000, 001, 011, 111, 110, 100, 101, 010.

...and that's it.

If, OTOH, we say the key could be anywhere between 1 and 3 bits, then the possibilities increase, right? Like, now it could also be:

00, 01, 10, 11 and 1, 0.

...I think this is calculated as: (2^3) + (2^2) + 2 = 14 ...but what's the formula for this? Using your 62-character example, how can we quickly determine the possibilities for a variable length password such as in this case, where it was 1-6 characters? I reckon the result should be the same as manually breaking it down as: (62^6) + (62^5) + (62^4) + (62^3) + (62^2) + 62.



EDIT: I guess what I'm saying/asking is that I know how to automate this sort of thing using a programming language (where you ask the user to enter the min/max lengths, etc.), but I'm curious about how to do it if all I have is a calculator. Like, say I want to quickly calculate the keyspace for a password that allows 94 ASCII characters, and has a length between 12 and 36. How would I do that?

Okay, I think I found one calculator-compatible shortcut, and I'm posting it in case it helps anyone else:

(CharacterSetLength^(PasswordMaxLength+1)-CharacterSetLength^PasswordMinLength)/(CharacterSetLength-1)

So, for the scenario I presented in the quoted text above (94 ASCII, length of 12 to 36), the calculation would go like:

...which AFAICT checks-out if we do things manually:

FWIW, it's essentially irrelevant to consider the minimum length for purposes of calculating runtime.
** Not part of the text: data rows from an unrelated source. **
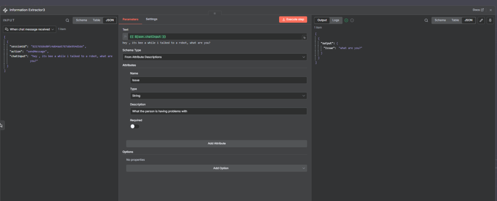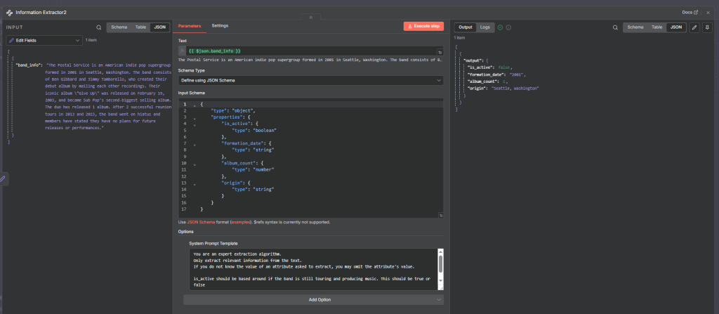 The Information Extractor is a tool that transforms unstructured or semi-structured data into clean, structured formats like JSON. It can process text, chat inputs, or binary data (once converted to text) and automatically identify key attributes, values, and types. With built-in prompts, schema support, and a JSON output parser, it eliminates the need for a separate AI agent, making data extraction fast, consistent, and reliable.
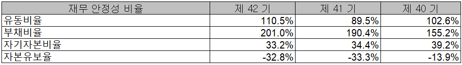 당사의 2020년 재무 안정성 비율에서는 유동비율 110.5%, 부채비율 201%, 자기자본비율 33.2%, 자본유보율 -32.8%를 기록했습니다. 적자 지속으로 인해 결손금이 발생하면서 자본잠식률이 22.76%로 일부 자본 잠식 상태입니다. 다만 2020년 3분기부터 흑자 전환하였고, 당기 중 신제품과 신규 사업의 연구 개발에 따른 향후 실적 개선이 기대됩니다.
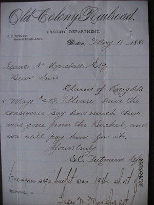 Title (ebay affiliate link): OLD COLONY RAILROAD BOSTON 1881NOTE SIGNED BY S. C. PUTNAM FREIGHT AGENT
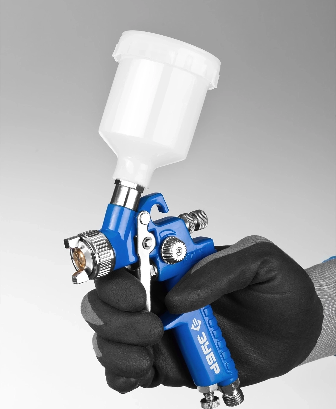 Профессиональный пневматический краскопульт ЗУБР ″ПРО 150 Мини″ - надежный инструмент для окрасочных работ в мастерских на специализированных предприятиях, отличающийся точностью и долгим сроком службы
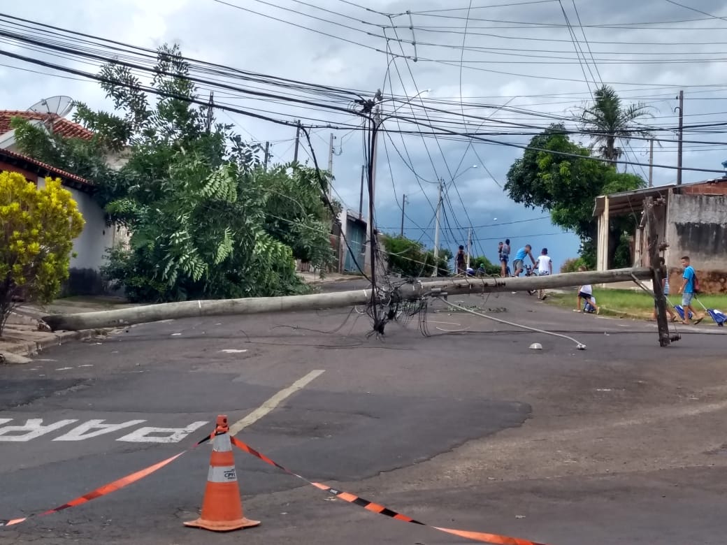 Um poste tombou e ficou no meio da rua suspenso por fios, próximo ao chão, na tarde desta quarta-feira (20) nas proximidades do Parque das Azaleias, na zona Sul de Marília.
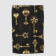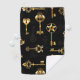 Seamless pattern of antique, gold and silhouette keys on black background.
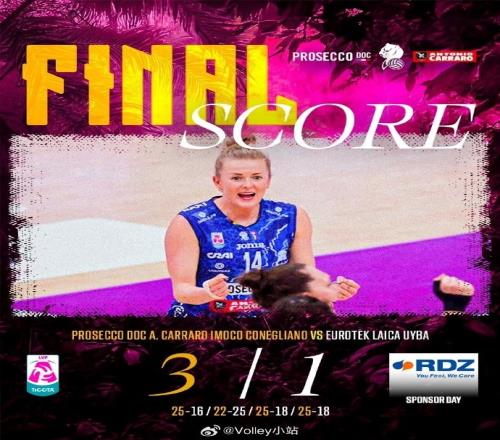 意大利女排聯賽1/4決賽為三場兩勝制,此役過后,科內1-0領先。

A better way to approach things is to include one more character than there really is as a sort of "null" byte (e.g., a 7-character password can be considered to be an 8-character password with one byte set to NULL).
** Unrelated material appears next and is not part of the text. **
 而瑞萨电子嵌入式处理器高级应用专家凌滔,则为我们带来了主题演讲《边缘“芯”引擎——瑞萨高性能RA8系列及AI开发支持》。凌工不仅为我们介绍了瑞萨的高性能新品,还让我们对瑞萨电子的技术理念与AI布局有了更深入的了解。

Your value for 12-36, 94 character set is about 2^235.981. Using the 95 "character set" for length 36 (e.g., 95^36) is about 2^236.514. As you can see, it's pretty close. If you want to get really precise, use the original character set for the minimum length and the +1 for the remaining characters. For example, 94^12*95^(36-12) yields a value of 2^236.332. Of course, just using 94 characters for 36 places (94^36) yields 2^235.965.

The reality is that the largest term dwarfs the smaller terms by so much that it becomes the dominating factor. You can see that in the A-Y values you posted, each one increases by 2 digits, or an approximate factor of 100.